Buy it if you want, just don't ask us to buy it. These types of things are better admired in someone else's garage.

Share

Big auto swap builds are not too dissimilar from the 1997 John Travolta and Nicolas Cage classic Face/Off. Both are pretty over the top, don’t hold up well after repeated viewings, and exist best as pure entertainment—don’t look to either for anything substantial, nutritional, or even common sense.

In that way, this Checker Cab body swapped onto a BMW E65 chassis and powered by a V12 exists only as entertainment. This particular car looks pretty ragged aside from the bonkers body, and its provenance is a little foggy, too. (Eds note: That’s par for the course with weirdo builds if we’re honest.) It’s listed for sale on eBay here and we’d normally say “Buyer Beware” but if you’ve made it this far already, you already know that.

First, the listing purports a 1981 Checker Cab body on a 2001 BMW 750 chassis, which half checks out. The Checker part checks out, but the 750 was a V8 powertrain—the 760 was the V12 version, which we’ll chalk up to just a typo. The listing reports the six-speed automatic hooked to the V12 is slipping, which is probably the least of its issues, but runs and drives. All of the V12’s computers that serve as the over-complicated German sedan’s life support has been moved to the trunk of the Checker, where the famous Bangle Butt used to be. 

Second, the seller is reportedly in the U.S., although the creation appears to be imported from north of the border.  Doom Custom in Quebec appears to be the builder and chronicled their creation on their Facebook page, although Doom appears to be defunct and no one from the shop responded to our attempts to reach them. How this car got to the U.S. or when, we might never know. The VIN is likely from the Checker cab itself, which doesn’t help to know how many miles this BMW has traveled before it was chopped up and Frankensteined into this.

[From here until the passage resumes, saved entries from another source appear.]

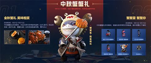 9月1日-9月15日中秋蟹礼活动来袭!活动期间进行任意模式的战斗会随机掉落月饼,开启月饼可获得金币银币游戏道具与逐月礼盒/蟹蟹礼盒实物奖励,实物奖励数量有限赠完即止。其中蟹蟹礼盒为官方品牌合作伙伴蟹太太的大闸蟹代金券,膏黄满溢美味共赏,沉沦在这一口金秋的鲜美馨香滋味。同时依据掉落的月饼数量还将额外附赠「蟹蟹雷」系列投掷物、酷鲨船长大头形象与构造核心道具。
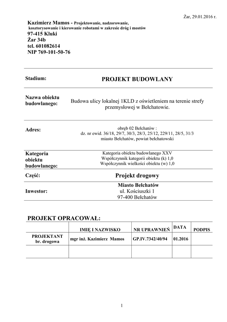 PROJEKT BUDOWLANY Projekt drogowy PROJEKT OPRACOWAŁ:
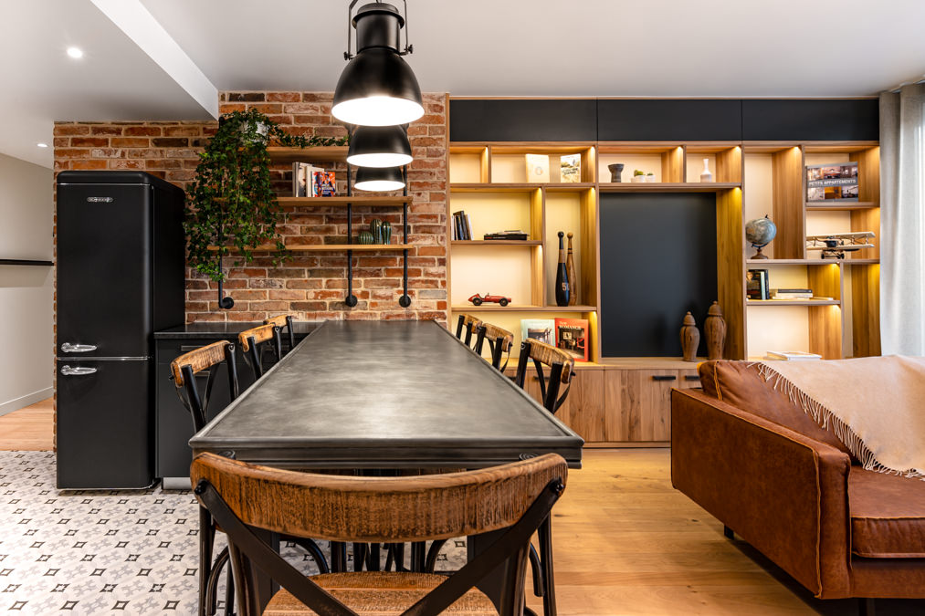 Des meubles vintage et des luminaires contemporains complètent le look industriel, avec des étagères ouvertes et des meubles modulaires maximisant l’espace.

Still, regardless of how this mongrel came into this world, we can still celebrate it. It’s a bona fide shitbox in more ways than one: whether it’s the notoriously overbuilt and complicated V12 under the hood, the shaky body swap that absolutely never fits the way you’d expect, the dirt-nasty interior, or even the maligned first-gen iDrive that apparently works, not much about this car screams “on the daily” in any respect. Just admire the show and try not to pick apart the plot too much, OK?